Fact errors. This is an upper-division course. As such, and to model the paramount importance of media accuracy, fact errors on final work result in an automatic 50% assignment grade reduction.

Academic integrity. Honesty and trust are bedrock media ethics and the foundation of this course. Per OU’s Faculty Handbook, academic misconduct includes:

  • Cheating. “Use of unauthorized materials, methods or information in any academic exercise, including improper collaboration.”
  • Plagiarism. “Representation of the words and ideas of another as one’s own.”
  • Fabrication. “Falsification or invention of any information or citation in an academic exercise.”
  • Fraud. “Falsification, forgery or misrepresentation of academic work, including the resubmission of work performed in one class for credit in another class.”
  • Ignorance. “I did not know (transgression) was cheating” is not an excuse.
  • Underestimate the seriousness of this at your peril. My detector for bogus information and writing is well developed from years of working as an editor, and I will routinely fact-check your work and call your sources. Any student guilty of these or other forms of dishonesty will get a zero on the assignment in question, possibly fail the class and likely be reported to OU’s Integrity Council.
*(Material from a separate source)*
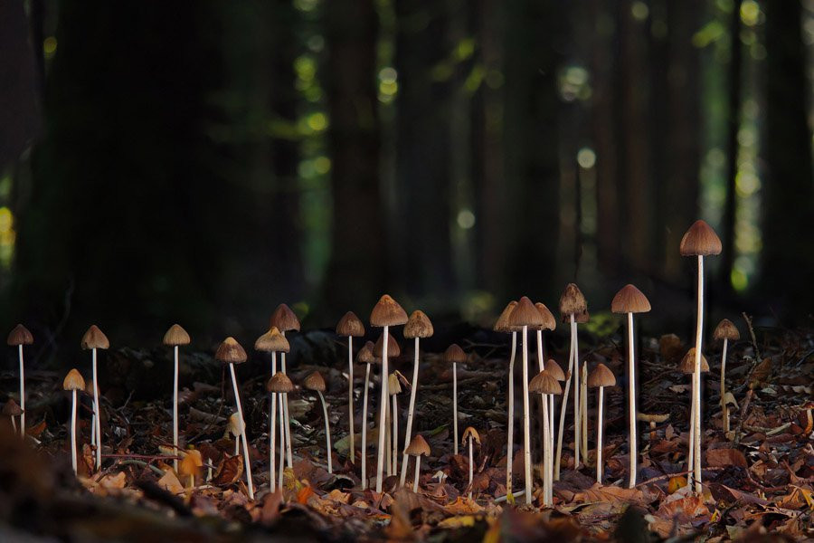 Грибы растут, выпуская споры, которые могут прорастать и образовывать длинные паутинные нити под землей (мицелий). Обычно мы видим только крошечные грибы на поверхности, не осознавая, что под нашими ногами находится обширная сеть взаимосвязанного мицелия. Именно через эту сеть может передаваться информация, что-то вроде нейронных связей в мозге.

Diversity. Great features are about people, and people are inherently diverse in their races, ethnicities and life experiences. An important component of great feature writing is to accurately encompass the full portrait of our subjects and both how they experience and are perceived by the world.  This class includes components related to diversity, multiculturalism and inclusivity. You will be exposed to these ideas repeatedly, and we will discuss gender, race, ethnicity, religious beliefs, sexual orientation, different abilities and other areas of difference as they relate to feature writing. Awareness of and willingness to understand these differences is a key step to being able to craft authentic and accurate features.

Special needs. Need to miss class for a religious holiday? Not a problem, just let me know. Need to adjust something about the class due to a pregnancy- or childbirth-related matter? Let’s make a new plan. Have any other issues that would potentially influence your performance? Please, notify me immediately. I will make every possible accommodation, including incorporating the services of the Accessibility and Disability Resource Center if beneficial, to give you the opportunity to succeed in this class.